Free speech is the last defence of minorities, protecting them from the overwhelming power of the state and the ‘tyranny of the majority’.
Don’t be fooled; the war on “hate speech” is a war on free speech. Standing opposed to anything labelled “hate” is a guaranteed way to win friends and influence people. Who could resist such emotionally-charged appeals to cliché taboos like hate and racism? The rhetorical force of these loaded terms can be sufficient to end discussion and silence debate. These labels push the lefty group-think auto-sympathy button and thus are a quick way to get anyone with a high school diploma on side.

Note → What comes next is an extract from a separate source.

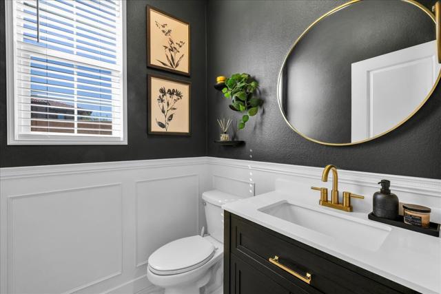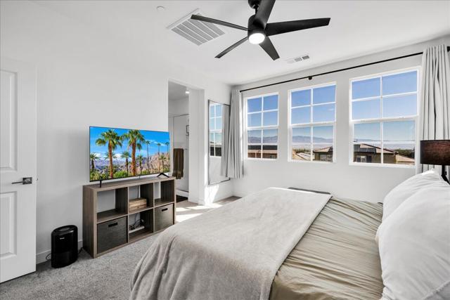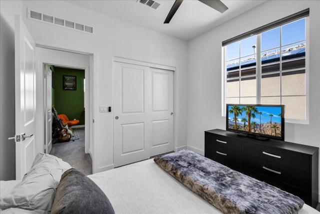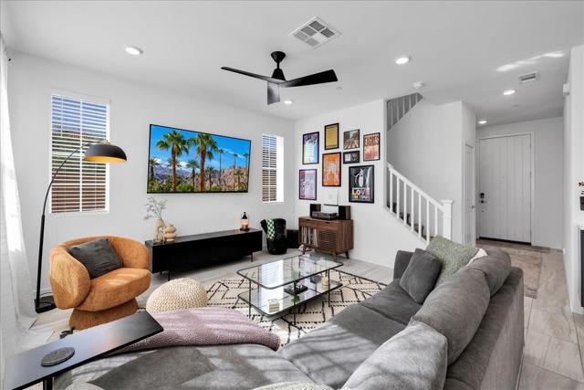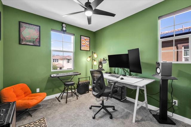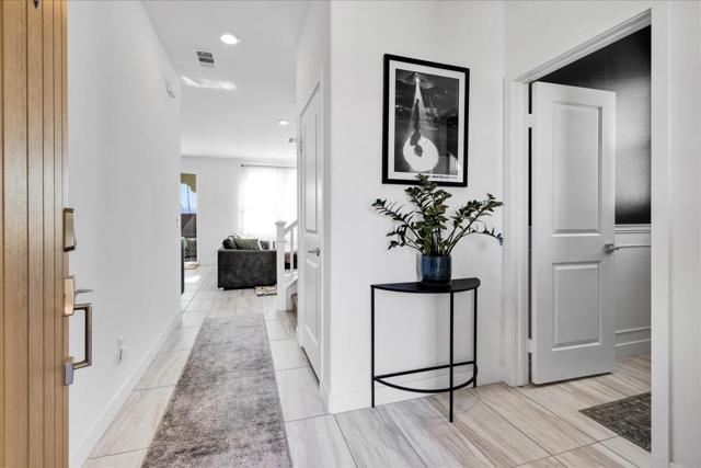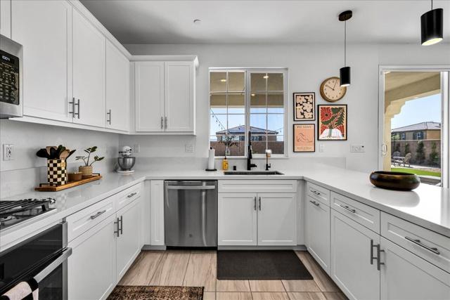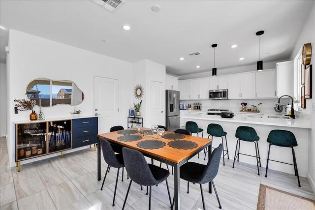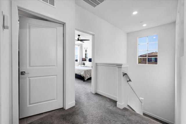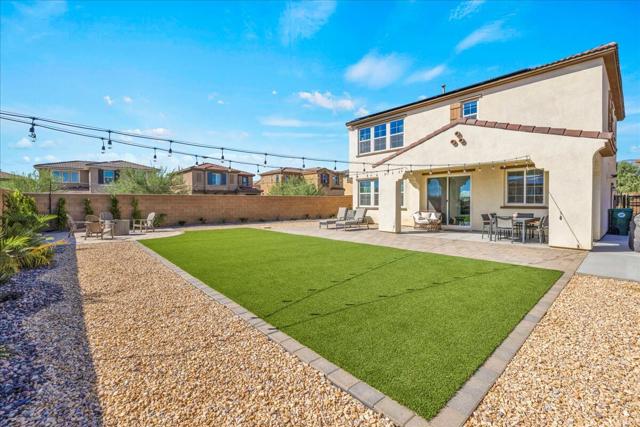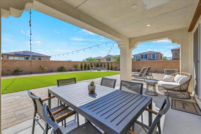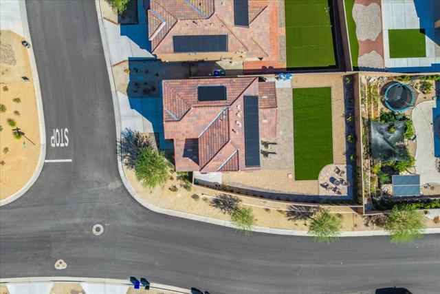 The gated Dolce community was built in 2023. This home is situated on a beautiful large corner lot. Two story home featuring 3 bedrooms, 2 bathrooms, and a powder bath. Bonus flex loft space located on the second floor. Upgraded interior flooring. Stainless-steel appliances, quartz countertops. Ample counter space, storage and pantry. Reverse osmosis filtration system in kitchen. Tankless water heater. Owned Solar Panels. Backyard features pavers, a beautiful turf area and poured concrete slab on the side of house. Vented second story dedicated laundry room. Low HOA fees.

The propagandist of censorship cynically uses loaded language and buzz words (“hate”, “racism”) to exploit people’s best sentiments, mobilising them against any opinion he wishes to prevent people from hearing.

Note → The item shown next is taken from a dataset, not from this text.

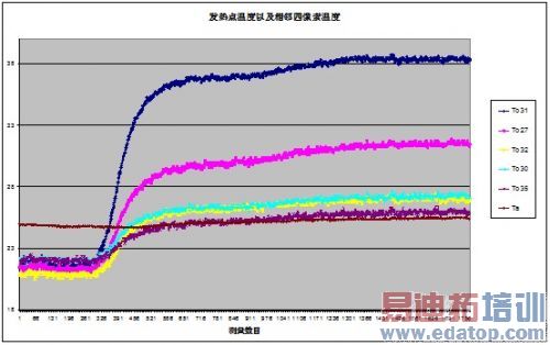 图 4 所测发热点温度及相邻像素温度变化图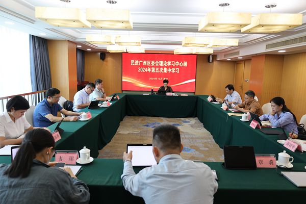 10月11日下午,民进广西区委会理论学习中心组在南宁开展2024年第五次集中学习,区委会主委杨静华主持学习,副主委黄均宁、丘映含、汤晓军参加学习。

“Hate speech” is a vague concept that gives censors far too much scope in interpretation. The malleability of the term was starkly illustrated when the LSE Student Union decided (on behalf of all LSE students) to ‘no platform‘ the chief executive of HOPE not Hate, for his allegedly ‘Islamophobic’ views. Nick Lowles clearly thought that he was to speak against hate, but the student union apparently regarded his ideas as a chief example of it. Whether or not the HOPE not Hate director’s views really are accurately described as ‘hate speech’ or ‘Islamophobic’ is exactly what needs to be proved, and the only way to do that is to hear them.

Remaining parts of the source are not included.